(Records to use)
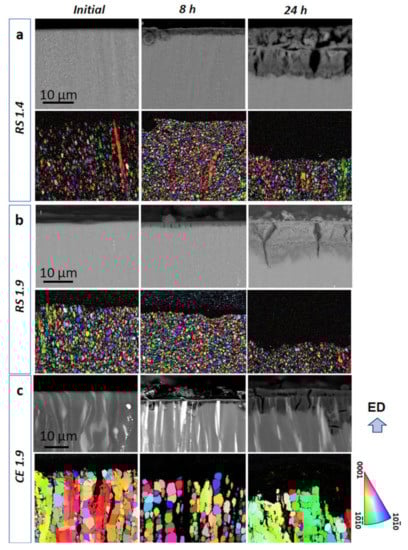 Therefore, the cross-section of the corrosion layer after immersion for 8 and 24 h was investigated using BSE imaging and EBSD mapping (see Figure 6). Such a blend of composition- (BSE) and grain morphology related information can help to find the link between the microstructure and corrosion behavior. It can be seen in BSE images (second column in Figure 6a,b) that after 8 h of immersion, a thin corrosion layer was formed on the surface of the RS 1.4 and RS 1.9 specimens, while the surface layer was significantly thicker for the CE 1.9 specimen (cf. Figure 6c). After 24 h of immersion (third column in Figure 6), the thickness of the corrosion layer increased for all three specimens (note that the real thickness of the corrosion layer for CE 1.9 is supposed to be larger than that shown, since part of the layer is continuously exfoliating from the specimen surface). Nevertheless, the average thickness of the layer formed on the surface of RS 1.4 was the same throughout the entire specimen surface, indicating a homogeneous formation and growth of the layer. In the case of the RS 1.9 specimen, the thickness of the layer varied and, in some places, the corrosion propagated deeper into the specimen volume by the LPSO lathes (cf. non-indexed black areas in the EBSD image in Figure 6b), which are supposed to be weak sites for corrosion in this specimen.
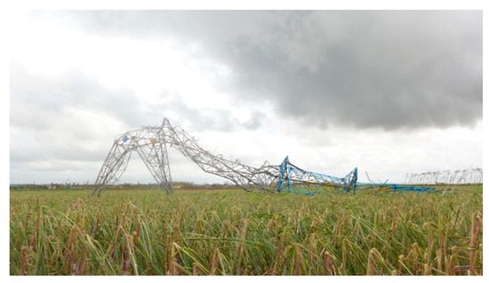 - Jiang, Y.; Pan, C.; Zhuang, Z.; Li, M. Analysis of collapse accident of transmission line tower causing by typhoon attacking in the coastal district of Guangdong province. South Energy Constr. 2016, 3, 82–87. (In Chinese) [Google Scholar]
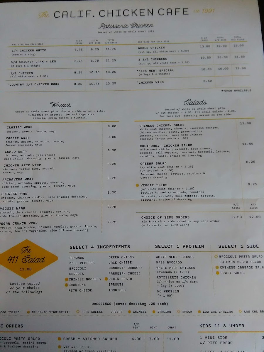 If you’re craving a meal that’s both healthy and satisfying, the Calif Chicken Cafe Menu is the perfect place to explore. Located on Ventura Blvd in Encino, this charming cafe offers a variety of dishes that cater to both your taste buds and your lifestyle. From tender grilled chicken to fresh, crisp salads and hearty wraps, each item is crafted with quality ingredients. The menu features an array of flavorful options, from savory bowls packed with protein to light bites perfect for a quick yet filling meal. Whether you're looking to indulge or keep things light, there's something here for every craving. The casual, welcoming atmosphere only adds to the experience, making it the ideal spot for a relaxed lunch or dinner.
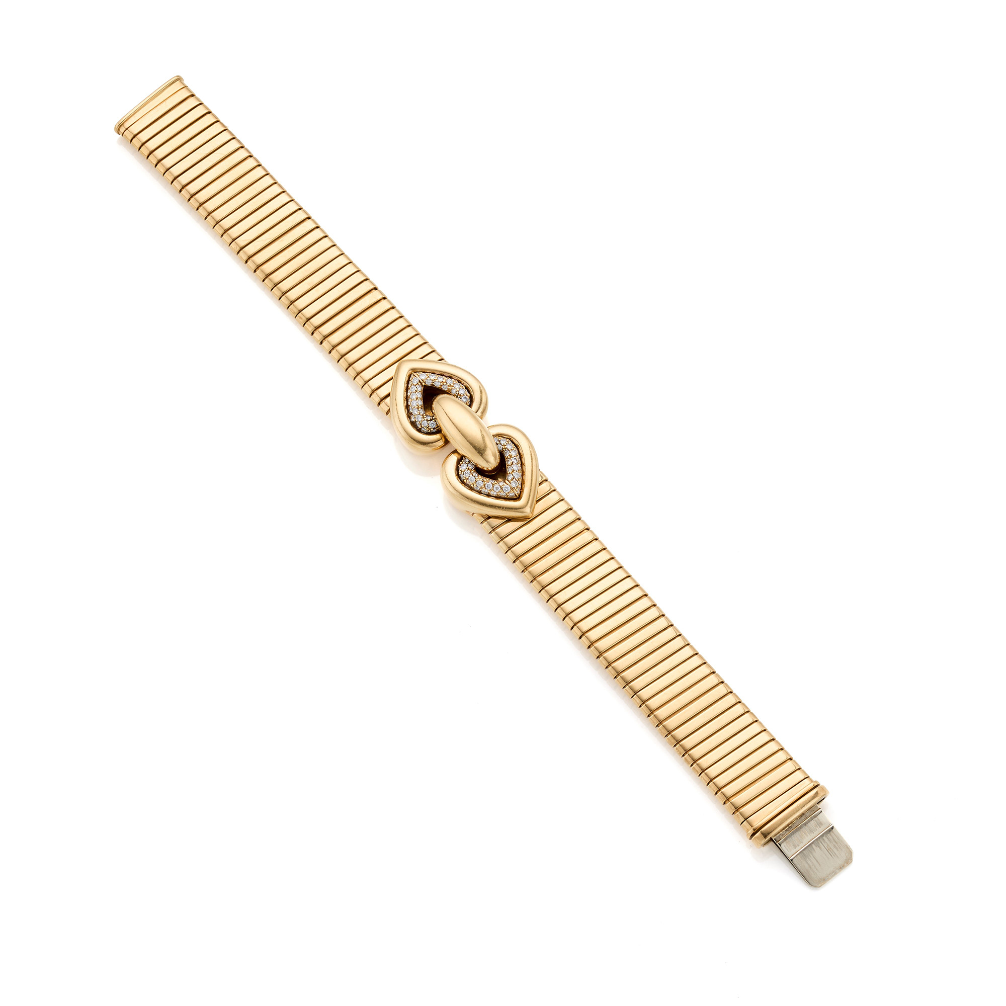 Bulgari tubogas bracelet Double Heart collection, in 18 Kt yellow gold set with round diamonds totalling approx. 0,50 ct.
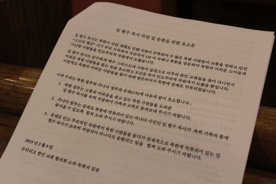 1. 북한 정부는 고통과 어려움을 겪고 있는 북한 사람들을 인도적차원에서 지원한 임현수 목사를 속히 석방하여 가족과 교회로 돌려보내 주시기 바랍니다.
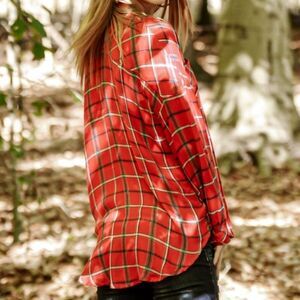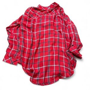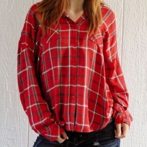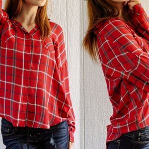 red plaid, button front, roll tab sleeves, rayon top, casual western, flannel style, relaxed fit, checked pattern, outdoor wear
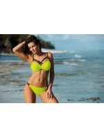 Je barevný, sexy, ženský a módní. Push-up podprsenka, s vyztuženými košíčky a kosticemi, profesionálně stahuje, tvaruje a opticky zvětšuje prsa. Dodává jim sebevědomí. Konstrukce je určena pro malá a středně velká prsa, protože jim nejlépe poslouží. Push-up se z modelu nedá vyjmout a je k dispozici v každé velikosti plavek. Výstřih zdobí zajímavé černé elastické pásky a vypadá skvěle. Pas se vzadu pohodlně zavazuje, ramínka jsou nastavitelná. Hladké kalhotky, s elastickými pásky na bocích, dělají nohy fenomenální a celá silueta je prostě nádherná.
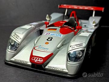 Modello in metallo brand Maisto GT Racing prototipo da competizioni vincitrice 5 volte la 24 ore di Le Mans e 6 volte la 12 ore di Sebring. Audi Sport Team Joest.
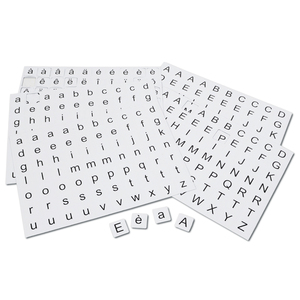 Pack Elève : matériel de petit format, idéal pour la manipulation. Lettres imprimées sur caoutchouc magnétique blanc. Contenu : 140 lettres en script majuscule et 210 lettres en script minuscule - Dim. (L x H) : 30 x 30 mm
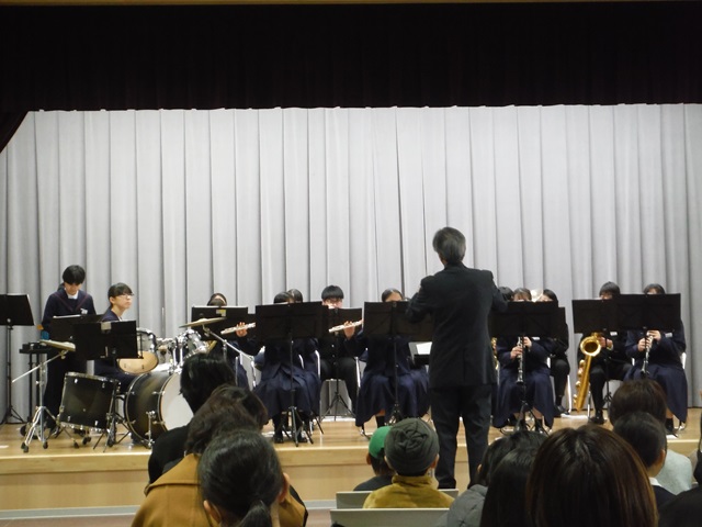 福島市中央学習センターの地域学校協働本部事業の一環としても開催されたもので、プログラム順に福島市立福島第三小学校特設音楽部と福島市立福島第二小学校特設合唱部の皆さんによる合唱と、福島市立福島第四中学校吹奏楽部と福島市立福島第二中学校吹奏楽部の皆さんによる合奏が行われ、市民センターのオープニングにふさわしい素晴らしいコンサートとなりました。
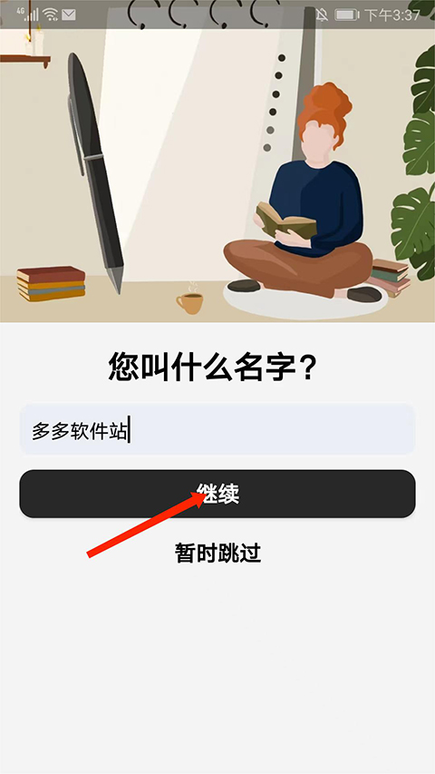 1、打开Motivation高级版,输入自己的昵称后选择【继续】选项,也可以选择暂时跳过,
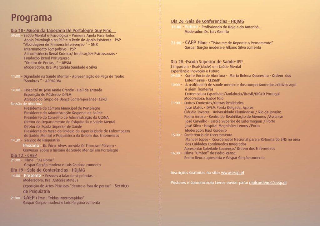 A realizar pela Escola Superior de Saúde em colaboração com o Departamento de Psiquiatria e Saúde Mental – ULSNA, EPE, no dia 28 DE OUTUBRO DE 2016.
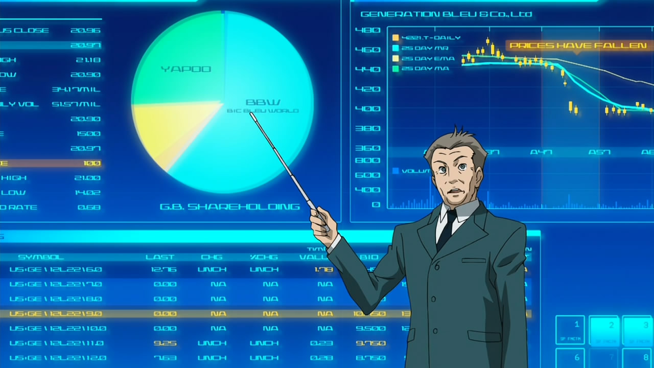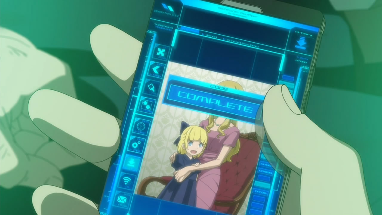 Speaking of which, much of the rest of the episode chronicles what appears to be the last hours of GenBleu, through the eyes of Elena, Fleur and Christophe, with Ao largely secondary. Big Blue World abandons GenBleu, and the first thing that happens is that their power gets cut off. Everyone is more or less in survival mode here Rebecka is system-restoring the Secret-infected Georg, and being pressed by Gazelle to decide where her loyalties lie. Stanley is gone, back to the boardroom. Christophe seems basically to be preparing for the end, and trying to make contingency plans for his daughter.
(End Records to use)
Problem statement: Your reply must reproduce all of the entries exactly and contain no pictures.

Written response:
 Therefore, the cross-section of the corrosion layer after immersion for 8 and 24 h was investigated using BSE imaging and EBSD mapping (see Figure 6). Such a blend of composition- (BSE) and grain morphology related information can help to find the link between the microstructure and corrosion behavior. It can be seen in BSE images (second column in Figure 6a,b) that after 8 h of immersion, a thin corrosion layer was formed on the surface of the RS 1.4 and RS 1.9 specimens, while the surface layer was significantly thicker for the CE 1.9 specimen (cf. Figure 6c). After 24 h of immersion (third column in Figure 6), the thickness of the corrosion layer increased for all three specimens (note that the real thickness of the corrosion layer for CE 1.9 is supposed to be larger than that shown, since part of the layer is continuously exfoliating from the specimen surface). Nevertheless, the average thickness of the layer formed on the surface of RS 1.4 was the same throughout the entire specimen surface, indicating a homogeneous formation and growth of the layer. In the case of the RS 1.9 specimen, the thickness of the layer varied and, in some places, the corrosion propagated deeper into the specimen volume by the LPSO lathes (cf. non-indexed black areas in the EBSD image in Figure 6b), which are supposed to be weak sites for corrosion in this specimen.
 - Jiang, Y.; Pan, C.; Zhuang, Z.; Li, M. Analysis of collapse accident of transmission line tower causing by typhoon attacking in the coastal district of Guangdong province. South Energy Constr. 2016, 3, 82–87. (In Chinese) [Google Scholar]
 If you’re craving a meal that’s both healthy and satisfying, the Calif Chicken Cafe Menu is the perfect place to explore. Located on Ventura Blvd in Encino, this charming cafe offers a variety of dishes that cater to both your taste buds and your lifestyle. From tender grilled chicken to fresh, crisp salads and hearty wraps, each item is crafted with quality ingredients. The menu features an array of flavorful options, from savory bowls packed with protein to light bites perfect for a quick yet filling meal. Whether you're looking to indulge or keep things light, there's something here for every craving. The casual, welcoming atmosphere only adds to the experience, making it the ideal spot for a relaxed lunch or dinner.
 Bulgari tubogas bracelet Double Heart collection, in 18 Kt yellow gold set with round diamonds totalling approx. 0,50 ct.
 1. 북한 정부는 고통과 어려움을 겪고 있는 북한 사람들을 인도적차원에서 지원한 임현수 목사를 속히 석방하여 가족과 교회로 돌려보내 주시기 바랍니다.
 red plaid, button front, roll tab sleeves, rayon top, casual western, flannel style, relaxed fit, checked pattern, outdoor wear
 Je barevný, sexy, ženský a módní. Push-up podprsenka, s vyztuženými košíčky a kosticemi, profesionálně stahuje, tvaruje a opticky zvětšuje prsa. Dodává jim sebevědomí. Konstrukce je určena pro malá a středně velká prsa, protože jim nejlépe poslouží. Push-up se z modelu nedá vyjmout a je k dispozici v každé velikosti plavek. Výstřih zdobí zajímavé černé elastické pásky a vypadá skvěle. Pas se vzadu pohodlně zavazuje, ramínka jsou nastavitelná. Hladké kalhotky, s elastickými pásky na bocích, dělají nohy fenomenální a celá silueta je prostě nádherná.
 Modello in metallo brand Maisto GT Racing prototipo da competizioni vincitrice 5 volte la 24 ore di Le Mans e 6 volte la 12 ore di Sebring. Audi Sport Team Joest.
 Pack Elève : matériel de petit format, idéal pour la manipulation. Lettres imprimées sur caoutchouc magnétique blanc. Contenu : 140 lettres en script majuscule et 210 lettres en script minuscule - Dim. (L x H) : 30 x 30 mm
 福島市中央学習センターの地域学校協働本部事業の一環としても開催されたもので、プログラム順に福島市立福島第三小学校特設音楽部と福島市立福島第二小学校特設合唱部の皆さんによる合唱と、福島市立福島第四中学校吹奏楽部と福島市立福島第二中学校吹奏楽部の皆さんによる合奏が行われ、市民センターのオープニングにふさわしい素晴らしいコンサートとなりました。
 1、打开Motivation高级版,输入自己的昵称后选择【继续】选项,也可以选择暂时跳过,
 A realizar pela Escola Superior de Saúde em colaboração com o Departamento de Psiquiatria e Saúde Mental – ULSNA, EPE, no dia 28 DE OUTUBRO DE 2016.
 Speaking of which, much of the rest of the episode chronicles what appears to be the last hours of GenBleu, through the eyes of Elena, Fleur and Christophe, with Ao largely secondary. Big Blue World abandons GenBleu, and the first thing that happens is that their power gets cut off. Everyone is more or less in survival mode here Rebecka is system-restoring the Secret-infected Georg, and being pressed by Gazelle to decide where her loyalties lie. Stanley is gone, back to the boardroom. Christophe seems basically to be preparing for the end, and trying to make contingency plans for his daughter.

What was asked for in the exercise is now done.